During the whole of Wednesday Mr Dickens had manifested signs of illness, saying that he felt dull, and that the work on which he was engaged was burdensome to him. He came to the dinner-table at six o'clock and his sister-in-law, Miss Hogarth, observed that his eyes were full of tears. She did not like to mention this to him, but watched him anxiously, until, alarmed by the expression of his face, she proposed sending for medical assistance. He said "No" but said it with imperfect articulation. The next moment he complained of toothache, put his hand to the side of his head, and desired that the window might be shut. It was shut immediately, and Miss Hogarth went to him, and took his arm, intending to lead him from the room. After one or two steps he suddenly fell heavily on his left side, and remained unconscious and speechless until his death, which came at ten minutes past six on Thursday, just twenty-four hours after the attack. As soon as he fell a telegram was dispatched to his old friend and constant medical attendant, Mr Frank Carr Beard of Welbeck Street, who went to Gad's Hill immediately, but found the condition of his patient to be past hope. Mr Steele, of Strood, was already in attendance; and Dr Russell Reynolds went down on Thursday, Mr Beard himself remaining until the last.

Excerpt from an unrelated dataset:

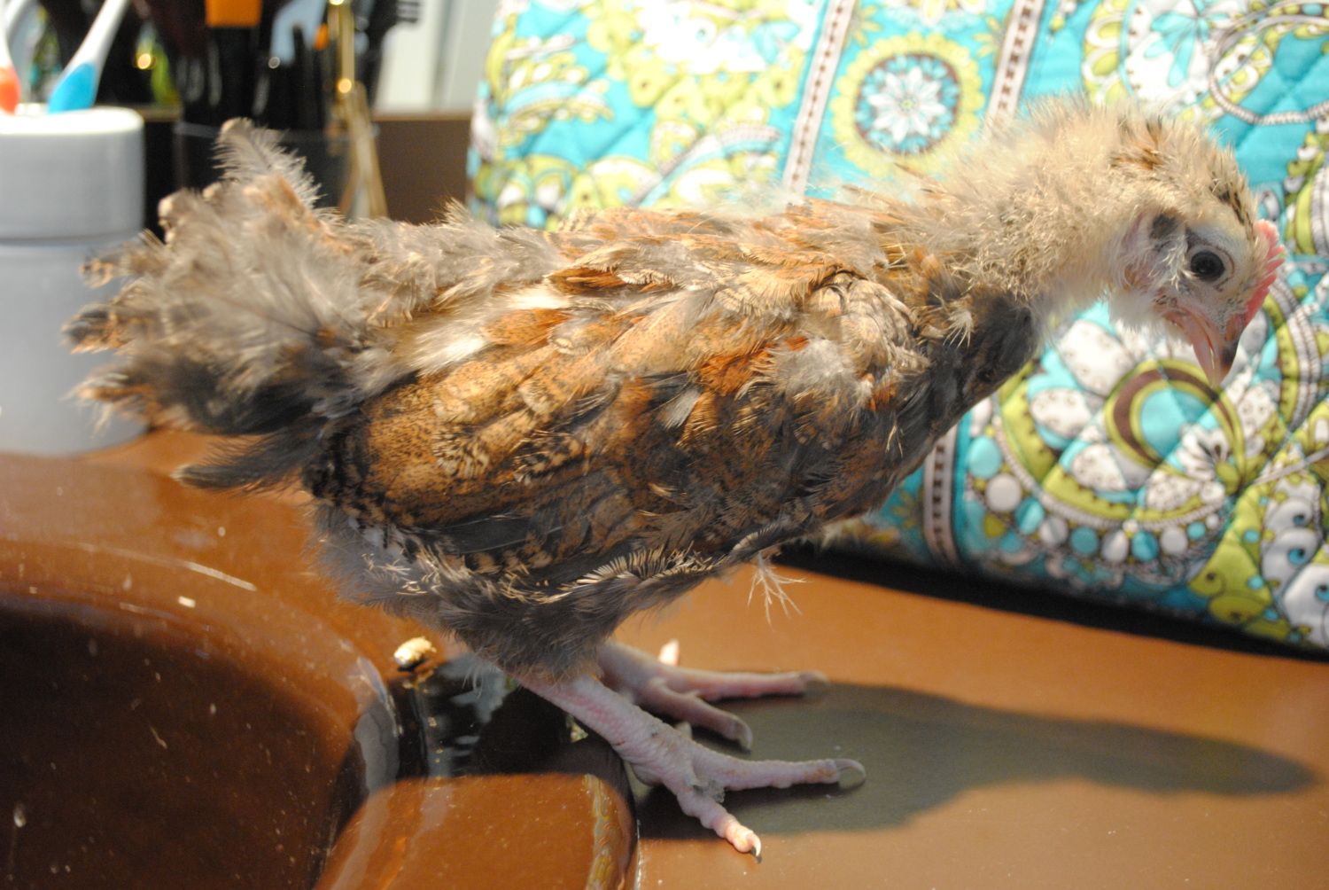 In this photo, my finger on the right side is holding back the feather tract that runs down the spine. My fingers on the left are holding back the wing and the side "pocket" feathers on the chick. These saddle feathers are not visible unless I spread his other feathers out!

(7) Arthur A. Adrian, Georgina Hogarth and the Dickens Circle (1957)

It was Ellen Ternan whom Georgina evidently held in the warmest affection, perhaps more for what Nelly had meant to Dickens than for what he had meant to her. The friendship continued even after Ellen's marriage - Dickens had then been dead six years - to George W. Robinson, a clergyman who later became headmaster of a school in Margate. Here Georgina and Mamie occasionally visited her.

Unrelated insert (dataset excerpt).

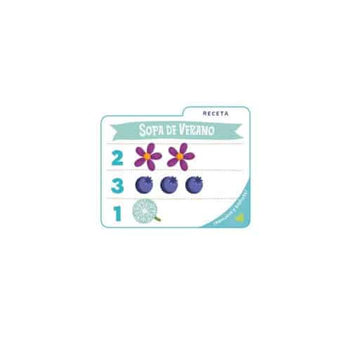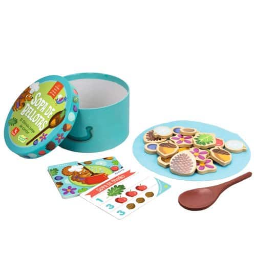 8 tarjetas de receta – 1 cuchara de madera – 24 ingredientes de madera – Reglas de juego – Guía para padres

In turn Ellen called at Georgina's home and in the 1880's sometimes brought her daughter with her. The daughter still remembers Georgina as "the sweet, kind old lady", one of her mother's special friends, who gave them some photographs of herself. Ellen Ternan Robinson died in 1914. Though Georgina frequently rallied to defend "the beloved memory" from one charge or another whenever by her own knowledge or belief she could honestly correct a misrepresentation, she apparently never made any statement as to what the Dickens-Ternan relationship had - or had not - been.

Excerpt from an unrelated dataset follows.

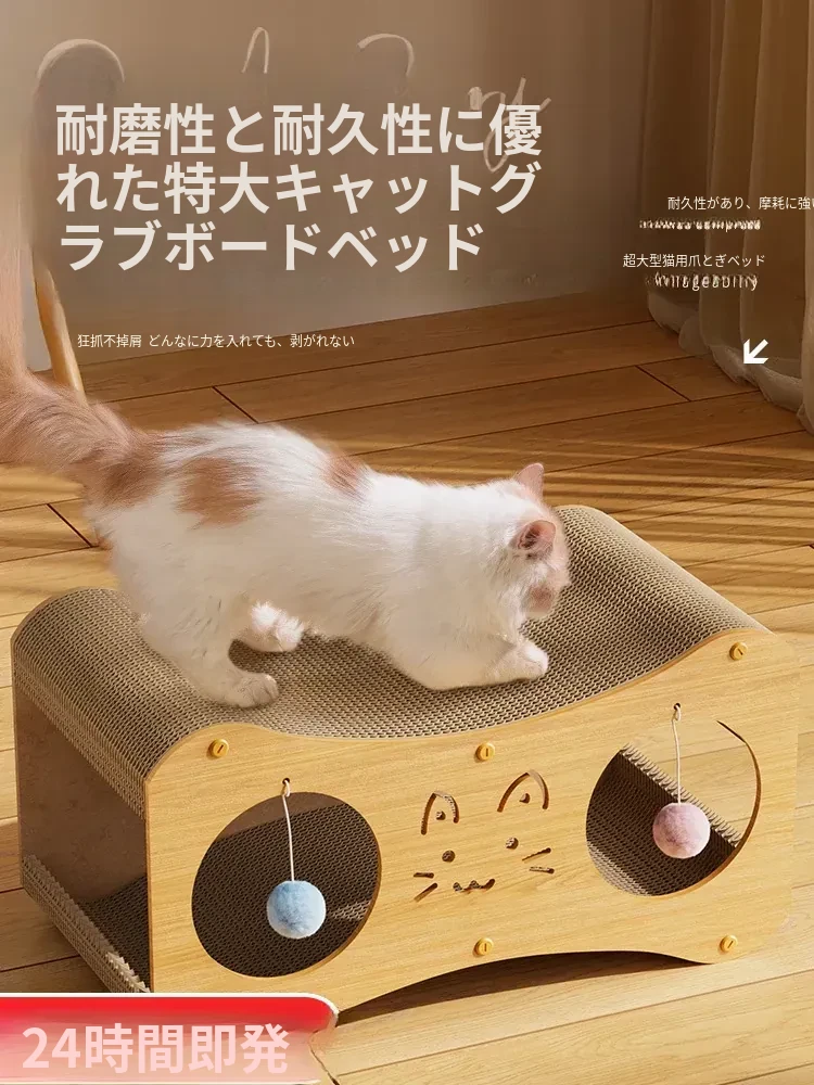 超大型ボール付き猫爪研ぎ - 落ちない粉塵・耐久性抜群!一体型キャットハウスで猫ちゃんも大満足!自分で遊べるストレス解消おもちゃ!

The attachment she displayed for women of whom Dickens had been fond - romantically or otherwise - suggests that her own devotion, though fervent to the point of obsession, partook of no jealous female possessiveness. Evidently she had always welcomed whatever service or solace any other woman offered her idol, feeling no compulsion to reserve for herself all rights to minister to him. Regardless of sex, age, or condition, "the many friends who loved him" were for ever assured of her grateful remembrance.

(8) Peter Ackroyd, Dickens (1990)

We might consider that at least as a hypothesis, therefore - all the evidence about dickens's character, and all the evidence we possess about Ellen Ternan herself, suggest that the relationship between them acted for Dickens as the realisation of one of his most enduring fictional fantasies. That of sexless marriage with a young, idealised virgin.

It has generally been assumed, however, that their relationship was indeed consummated, and that Ellen Ternan became his mistress. The rumours were only given wide currency in the 1930s when a certain Thomas Wright passed on the remarks of a Canon Benham - to whom, it seems, Ellen "disburdened her mind" in later life in an apparently very generalised way.